* _SUPPLIED MATERIAL_
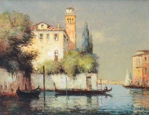 | A Venetian palazzo with Santa Maria Della Salute in the background; Venetian canal scene with fishing boats and gondolas a pair, | |
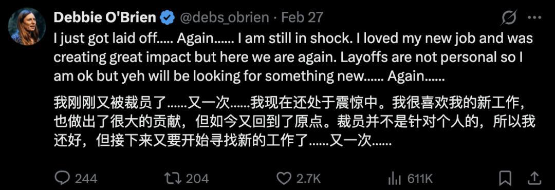 这已经是Debbie在短短几个月内,继微软之后遭遇的第二次裁员了。
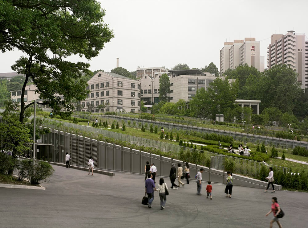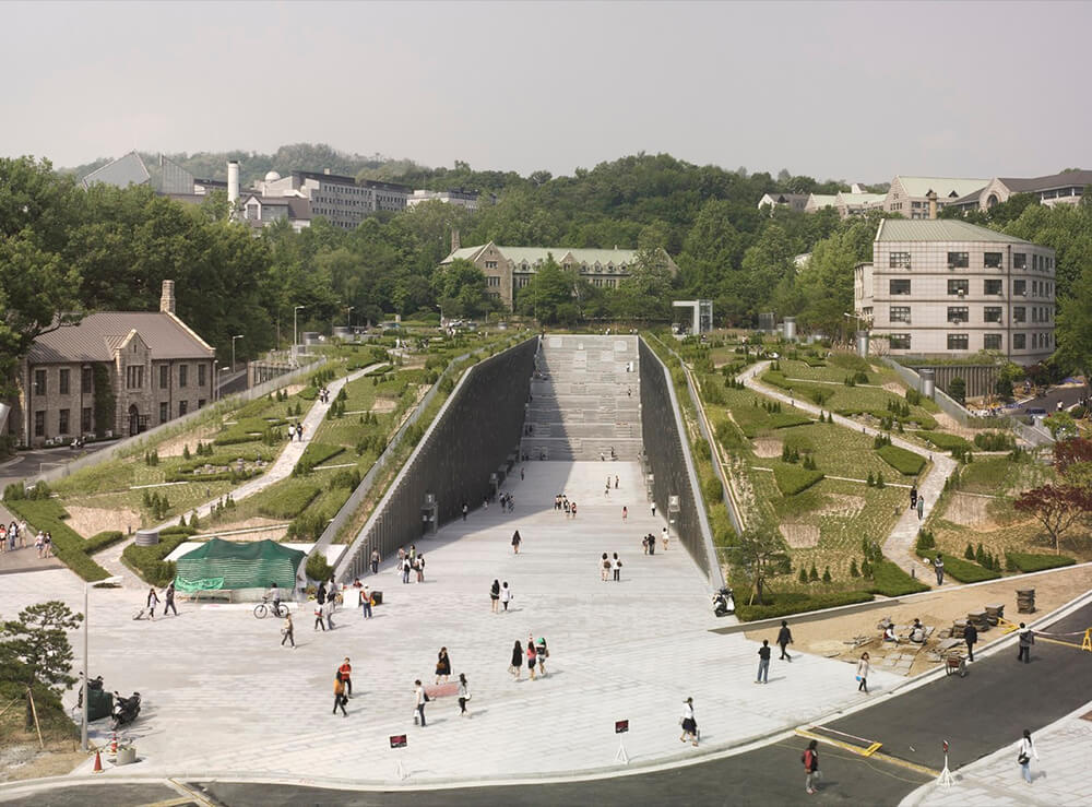 Many things at once synthesize the Sports Strip, like the Valley. The Ewha campus found a new gateway, a place for daily sports activities, a grounds for the special yearly festivals and celebrations, and an area which truly brings together the university and the city. Most importantly, it can be seen as a place for all, animated all year long.
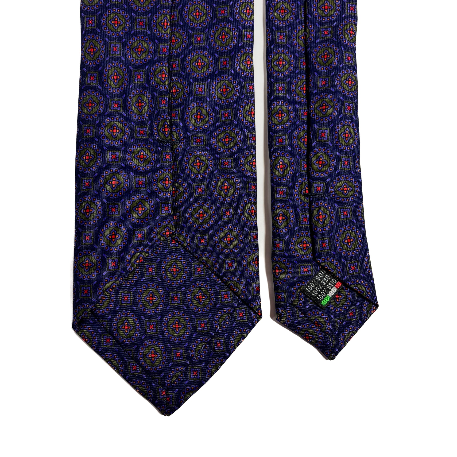 Hand-Printed Blue & Green Geometric Ancient Madder Silk Tie
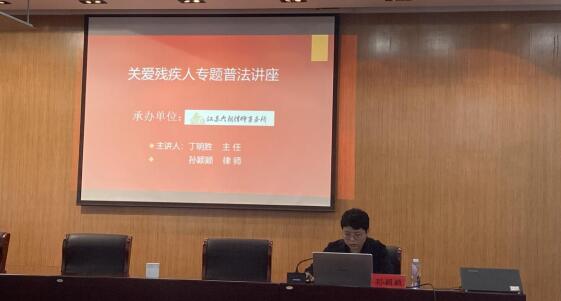 召開一次專題學習會?;顒犹貏e邀請江蘇六朝律師事務所的丁名勝主任和孫穎穎律師講解殘疾人保障法等涉及到殘疾人切身利益的法律法規(guī),更好地依法維護殘疾人權(quán)益,促進殘疾人事業(yè)發(fā)展。
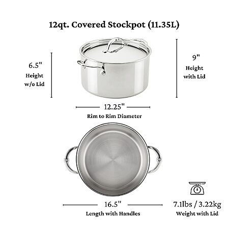 ProBond Luxe 12-Quart Professional Clad Stainless Steel Stock Pot with Lid $296
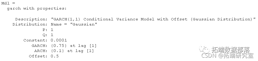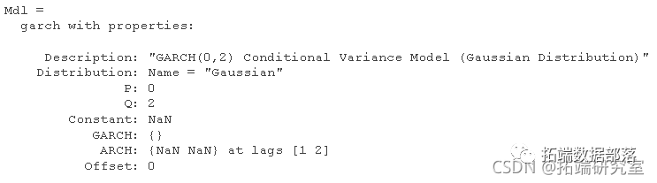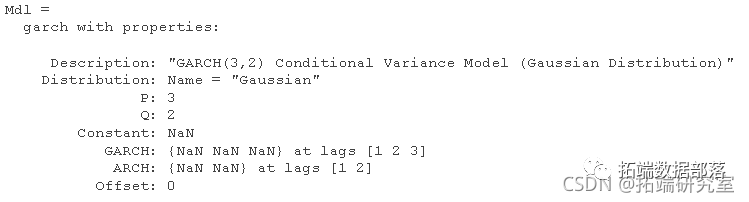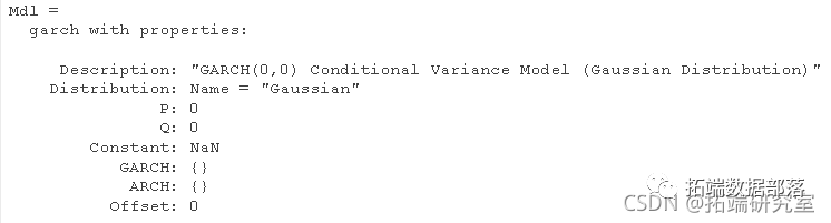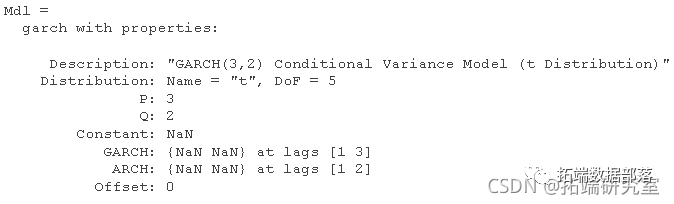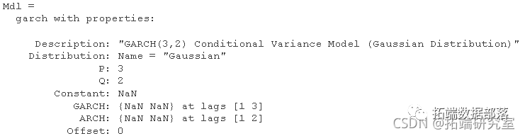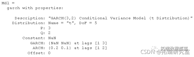 P 和 Q 分别是 GARCH 和 ARCH 多项式中的最大非零滞后。其他模型参数包括平均模型偏移、条件方差模型常数和分布。
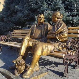 Также композицию дополнил домашний любимчик – пудель, который лежит у их ног. При этом собаку воровали три раза, но после последнего раза его восстанавливать не стали. Более того, скульптуру уже несколько раз обрисовывали вандалы.
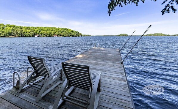 TIME OUT - Welcome to the cozy cabin! Perched above the lake with large windows exposing the greenery and lake view, you'll truly feel immersed with nature. Walkout from the main floor cottage to the deck for outdoor dining with a round table and 6 chairs (not pictured). Spend long, sunny days at the new, large dock, with expansive lake views. At the dock there is a small table and 4 chairs, two chaises as well as four folding chairs with two matching side tables (not pictured). At the water's edge there is a rocky walk-in, or deep swimming at the end of the dock, awesome for diving in!
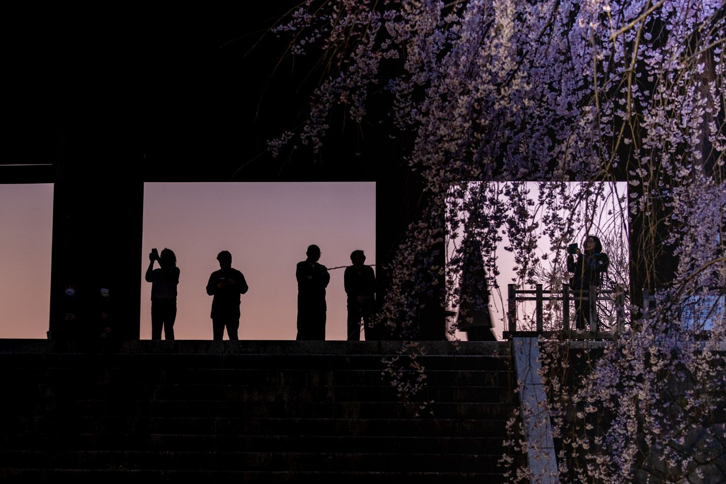 府中市にある東郷寺の枝垂れ桜が満開になりました。 ギリギリ夕暮れに間に合い撮影してみました。 左から三番目の方は住職さんのようでした。

* _REQUIRED WORK_
Transcribe all the lines above exactly, apart from the pictures.

* _SOLUTION_
 | A Venetian palazzo with Santa Maria Della Salute in the background; Venetian canal scene with fishing boats and gondolas a pair, | |
 这已经是Debbie在短短几个月内,继微软之后遭遇的第二次裁员了。
 Many things at once synthesize the Sports Strip, like the Valley. The Ewha campus found a new gateway, a place for daily sports activities, a grounds for the special yearly festivals and celebrations, and an area which truly brings together the university and the city. Most importantly, it can be seen as a place for all, animated all year long.
 Hand-Printed Blue & Green Geometric Ancient Madder Silk Tie
 召開一次專題學習會?;顒犹貏e邀請江蘇六朝律師事務所的丁名勝主任和孫穎穎律師講解殘疾人保障法等涉及到殘疾人切身利益的法律法規(guī),更好地依法維護殘疾人權(quán)益,促進殘疾人事業(yè)發(fā)展。
 ProBond Luxe 12-Quart Professional Clad Stainless Steel Stock Pot with Lid $296
 P 和 Q 分别是 GARCH 和 ARCH 多项式中的最大非零滞后。其他模型参数包括平均模型偏移、条件方差模型常数和分布。
 Также композицию дополнил домашний любимчик – пудель, который лежит у их ног. При этом собаку воровали три раза, но после последнего раза его восстанавливать не стали. Более того, скульптуру уже несколько раз обрисовывали вандалы.
 TIME OUT - Welcome to the cozy cabin! Perched above the lake with large windows exposing the greenery and lake view, you'll truly feel immersed with nature. Walkout from the main floor cottage to the deck for outdoor dining with a round table and 6 chairs (not pictured). Spend long, sunny days at the new, large dock, with expansive lake views. At the dock there is a small table and 4 chairs, two chaises as well as four folding chairs with two matching side tables (not pictured). At the water's edge there is a rocky walk-in, or deep swimming at the end of the dock, awesome for diving in!
 府中市にある東郷寺の枝垂れ桜が満開になりました。 ギリギリ夕暮れに間に合い撮影してみました。 左から三番目の方は住職さんのようでした。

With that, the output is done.